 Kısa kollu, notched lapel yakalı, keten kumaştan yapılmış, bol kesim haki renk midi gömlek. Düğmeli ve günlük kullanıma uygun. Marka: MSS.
★ ★ ★ ★
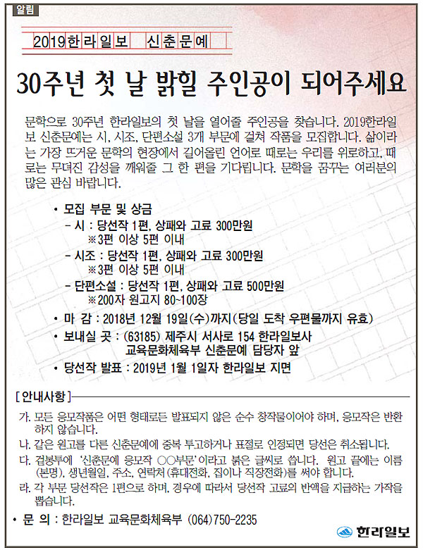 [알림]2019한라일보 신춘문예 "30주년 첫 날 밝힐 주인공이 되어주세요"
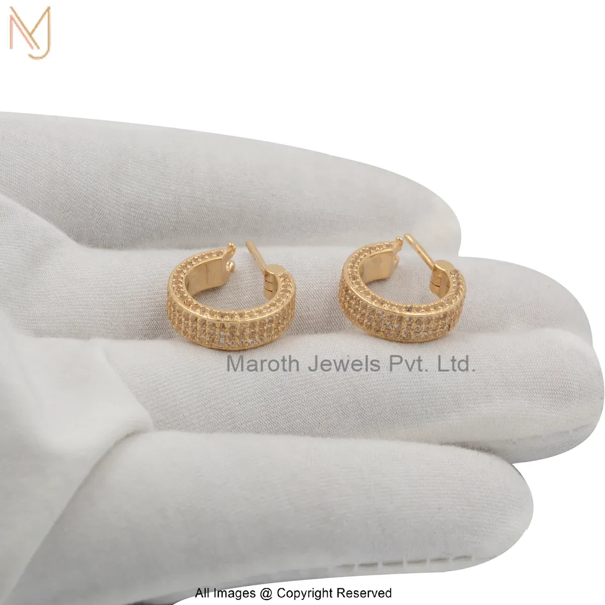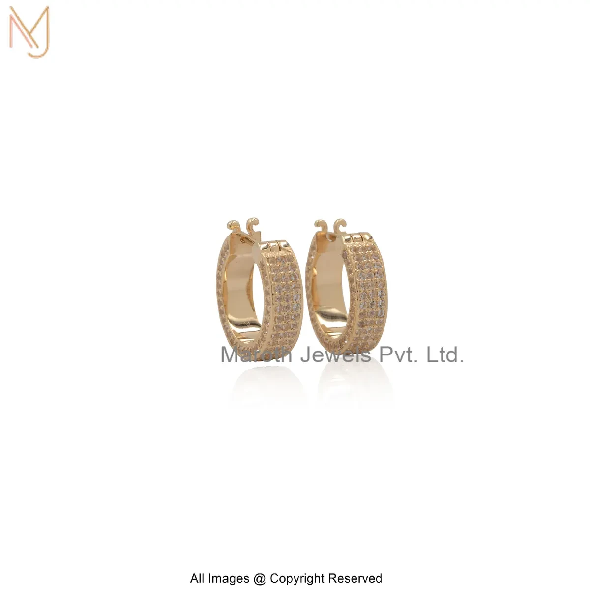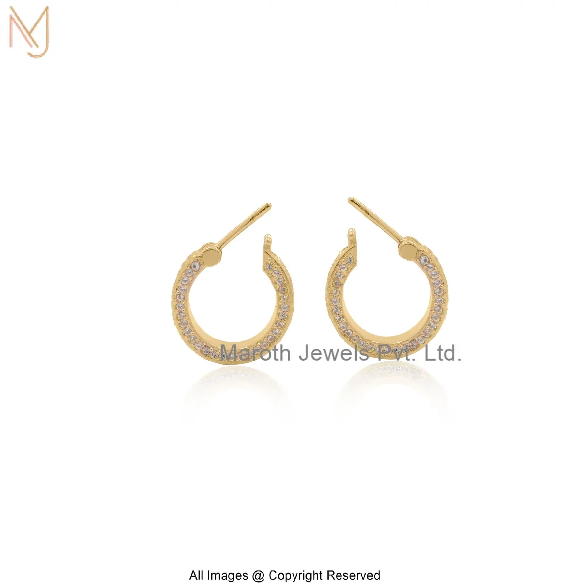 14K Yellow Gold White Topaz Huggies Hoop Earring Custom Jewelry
★ ★ ★ ★
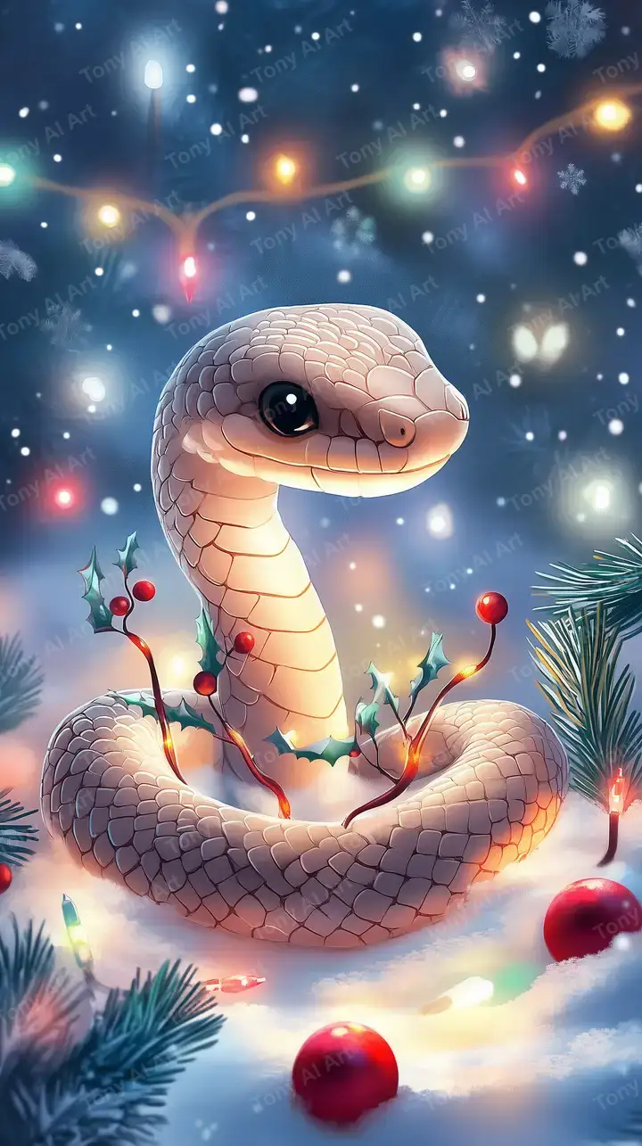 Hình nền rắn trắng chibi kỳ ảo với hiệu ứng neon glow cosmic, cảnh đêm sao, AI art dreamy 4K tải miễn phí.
★ ★ ★ ★
HOW TO COMPLETE THIS TASK: Your task is to copy only the lines above starting at the one containing "첫 날 밝힐 주인공이" and ending at the one containing "14K Yellow Gold". Copy them exactly, both ends included, and omit the pictures.

TASK SOLUTION:
 [알림]2019한라일보 신춘문예 "30주년 첫 날 밝힐 주인공이 되어주세요"
 14K Yellow Gold White Topaz Huggies Hoop Earring Custom Jewelry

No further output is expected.